Trading in the downtrend or reversals are considered as riskiest technique in Technical Analysis. But reversals can also be detected in a less risky way. Divergence is a very good technique to trade reversals in a less risky way and to pull out good chunk of money from trend reversals. Trend continuation can also be detected by Divergence.
When the price of an asset or security and an indicator index or other related asset move in opposite direction in the same range of time, then it is called divergence.
There are two types of divergence,
- 1. Regular Divergence
- 2. Hidden Divergence
- 3. Exaggerated Divergence
1. Regular Divergence:
This type of divergence detects trend reversals. Regular divergence can be Bullish or Bearish.
When the price is creating Lower Low (LL) but indicator is creating Higher Low (HL) then it is Regular Bullish Divergence, indicates a strong possibility of trend reversal from downtrend to uptrend. It happens when a security or assets price is in downtrend but indicator is going upward as indicators have specific range for which it can not react with extreme falls so it react against the price trend which is a divergence.
In the chart above (ACIFORMULA), we can see that Price created Lower Low (LL) while indicator (MACD crossovers) created Higher Low (HL) which is a Regular Bullish Divergence. MACD bullish crossover after detecting divergence is a very good entry opportunity for buying.
In the chart above (BEXIMCO), price has created Higher High (HH) but MACD indicator created Lower High (LH) in its crossovers which is a Regular Bearish Divergence. After detecting divergence 2nd MACD bearish crossover can be treated as a strong sell signal.
2. Hidden Divergence:
Divergences not only detect a potential trend reversal but also the continuation of current trend. Hidden divergences can detect the continuation of the trend.
In the chart (ISLAMICFIN) above, we can see that price created Higher Low (HL) while MACD indicator created Lower Low (LL) in its crossovers which is a Hidden Bullish Divergence which indicates that the uptrend will continue.
In the chart (DSEGEN) above, we can see that price created Lower High (LH) but MACD indicator created Higher High (HH) between its crossovers which is a Hidden Bearish Divergence, indicates that the downtrend will continue.
3. Exaggerated Divergence:
It is similar to Regular Divergence. The difference between these two divergences is, in Exaggerated Divergence price creates double tops/bottoms or Similar High/Low (SH/SL).
Exaggerated Bullish Divergence occurs, when the price is creating double bottom or similar lows (SL) but indicator is showing Higher Low (HL).In the chart (FASFIN) above, price created Similar Low (SL) or double bottom but MACD indicator is showing Higher Low (HL) between its crossovers which is Exaggerated Bullish Divergence indicates the flat trend will turn into uptrend soon.
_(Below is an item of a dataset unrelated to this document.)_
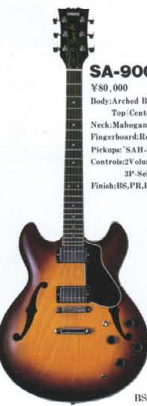
SA-900 ¥90,000 Body:Arched Birch-Block Top:Center Block - Alder Neck:Mahogany (Set-in Neck) Fingerboard:Rosewood 22F Pickups:SAH-SAH*2 Controls:2 Volume, 2 Tone, 3P-Selector SW Finish:BS,PR,BL

Exaggerated Bearish Divergence occurs, when the price is creating double top/Similar High (SH) but indicator is showing Lower High (LH).
In the chart (DESCO) above, we can see that price created double top/Similar High (SH) while MACD indicator created Lower High (LH) between its crossovers which is Exaggerated Bearish Divergence indicating a strong possibility of downtrend.
Now lets make a trading strategy based on divergence.
Moving Average Convergence Divergence (MACD)
1. Identify the divergence
2. After identifying divergence, use MACD crossover to take final entry decision.
1. Use MACD reverse crossover to exit.
2. Or, use fixed stop of 20% or 30% or else.
3. Or, use trailing stop.
1. Use 6-7% stop loss.
2. Or, exit when reverse crossover occurs in MACD.